Have a question about this project? Sign up for a free GitHub account to open an issue and contact its maintainers and the community.

By clicking “Sign up for GitHub”, you agree to our terms of service and privacy statement. We’ll occasionally send you account related emails.
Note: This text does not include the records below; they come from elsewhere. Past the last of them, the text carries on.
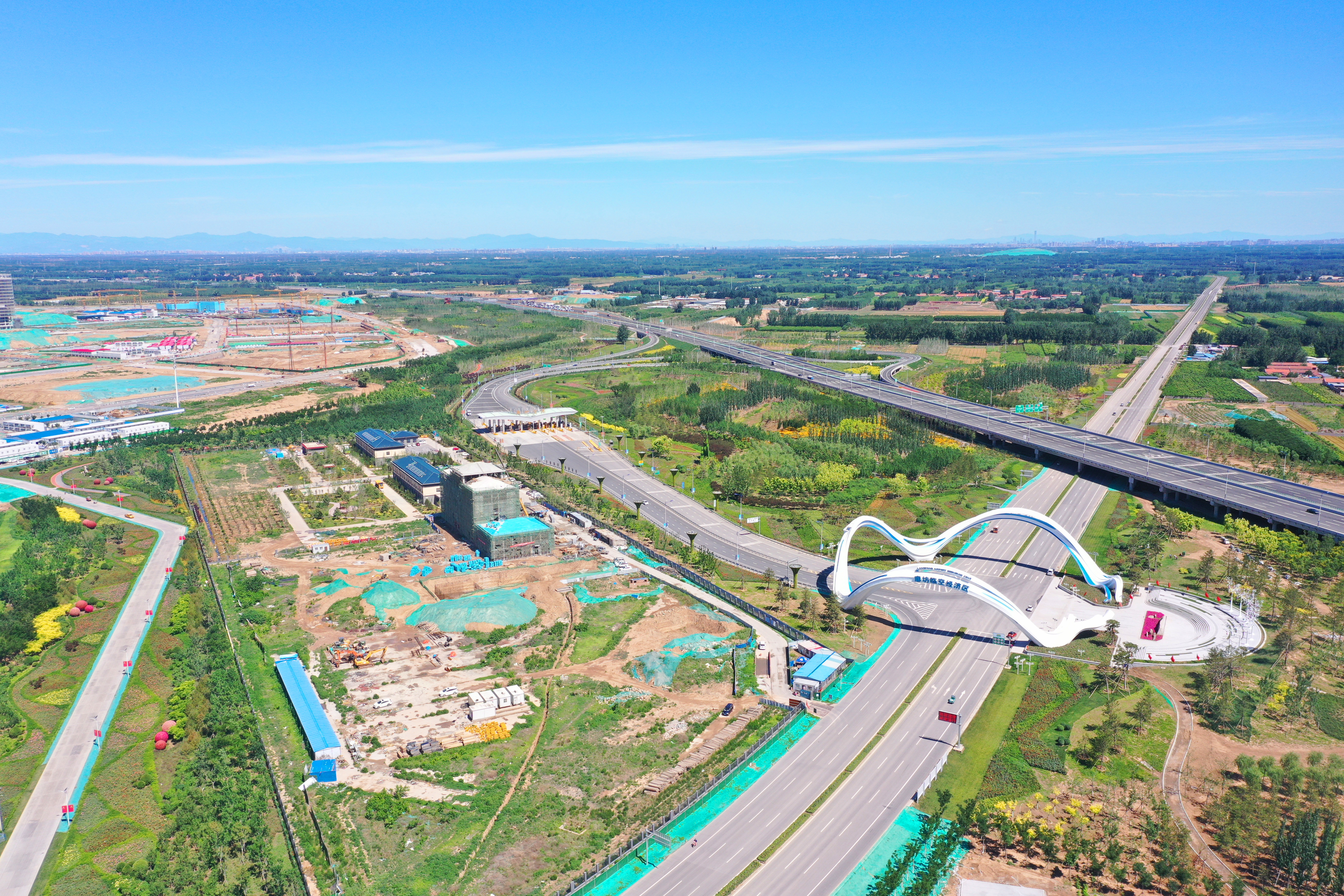 建設(shè)中的北京大興國(guó)際機(jī)場(chǎng)臨空經(jīng)濟(jì)區(qū)廊坊片區(qū) 圖片由廊坊日?qǐng)?bào)社提供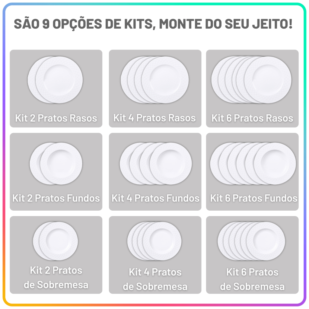 Jogo de Pratos Jantar Ingrid Tramontina Porcelana Conjunto de Pratos Raso, Fundo e Sobremesa Kits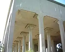 The concrete structure, design by architect Paul Hedqvist and built in 1935, is composed of 64 pillars, each of 1×1 metre cross section and 14 metres tall,[1] carrying the uninsulated tank of 78×39×6 metres, containing 18 thousand cubic metres, crowned by a small lantern. One of the most prominent landmarks in central Stockholm observable from elevated locations kilometres away, the classical structure has a monumentality further amplified by its elevated location in a forest remote from any other buildings. It is one of few remaining, visible traces of the ambitious municipal projects carried through in the early 20th century, still witnessing the restraints and possibilities of casting techniques anticipating pre-stressed concrete and slipform constructions.[2]
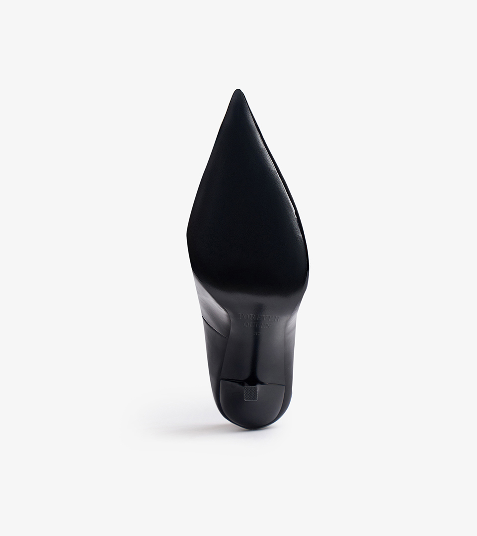 Forever Queen offers a black patent leather model with a contrasting insole.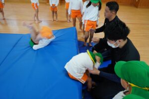 体育あそびでは、マットの傾斜を使って後転に挑戦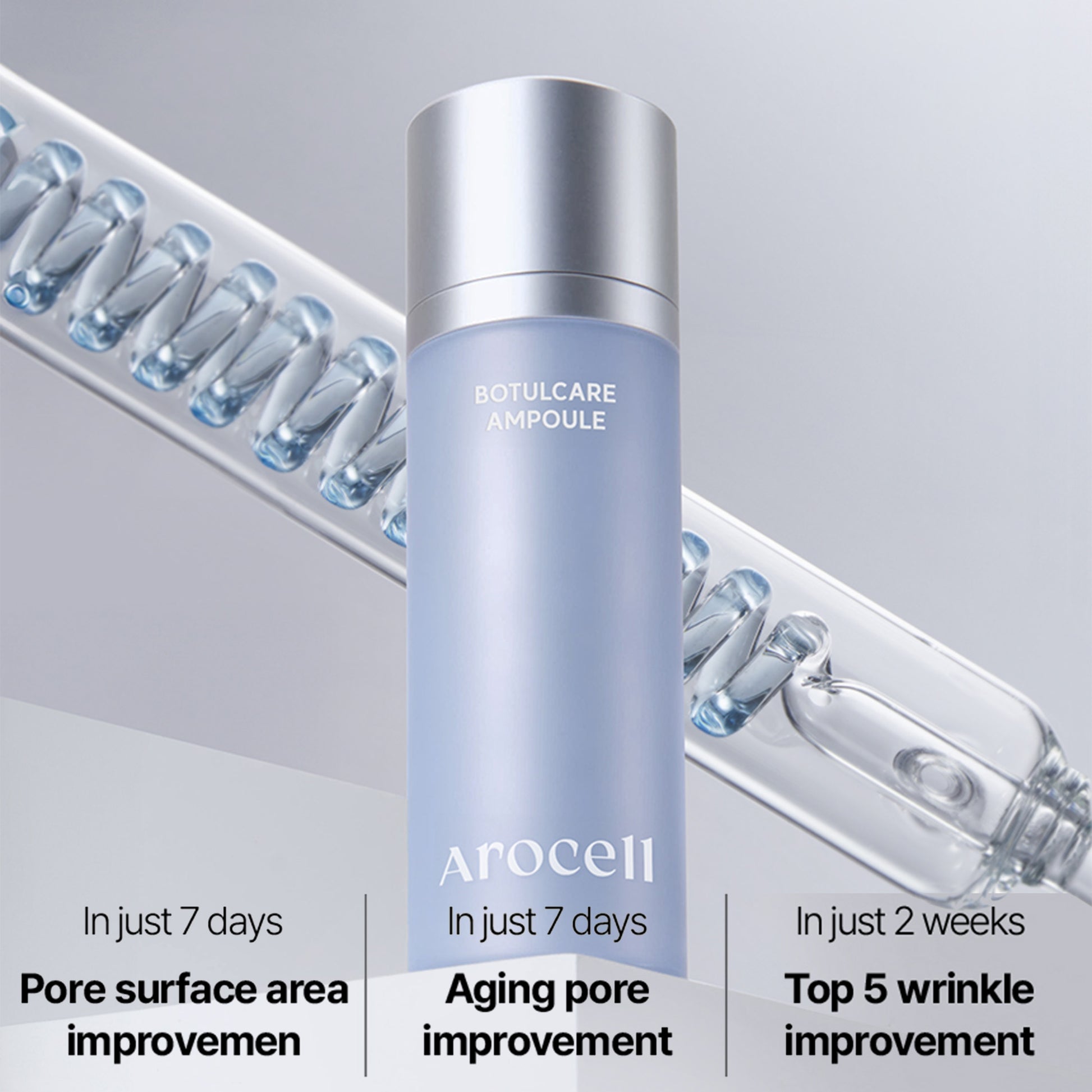 Arocell Botulcare Pore Lifting Ampoule delivers fast pore tightening and wrinkle smoothing with patented botulinum peptide and MTD absorption technology. Clinically tested to refine pores, improve texture, and boost skin firmness in just 7 days. Hydrating and brightening formula with niacinamide, panthenol, and ceramides for smoother, lifted, porcelain-like skin.

Already on GitHub? Sign in to your account

[Failing Test] timeouts in ci-kubernetes-e2e-gce-scale-performance #78734

Closed
alejandrox1 opened this issue Jun 5, 2019 · 17 comments

Comments

@alejandrox1
Copy link
Contributor

commented Jun 5, 2019

Which jobs are failing:
ci-kubernetes-e2e-gce-scale-performance

Which test(s) are failing:

  • testing/density/config.yaml
  • testing/load/config.yaml
  • ClusterLoaderV2

Since when has it been failing:
Due to previous issues with prow we cannot at this time determine (we are working on resolving this issue in testgrid) the exact moment these tests started failing but they were passing on 5/30 and failed on 6/2.

Testgrid link:
https://testgrid.k8s.io/sig-release-master-informing#gce-master-scale-performance

Reason for failure:
There failures seem to be related to pods not reaching the desired state within the timeout period.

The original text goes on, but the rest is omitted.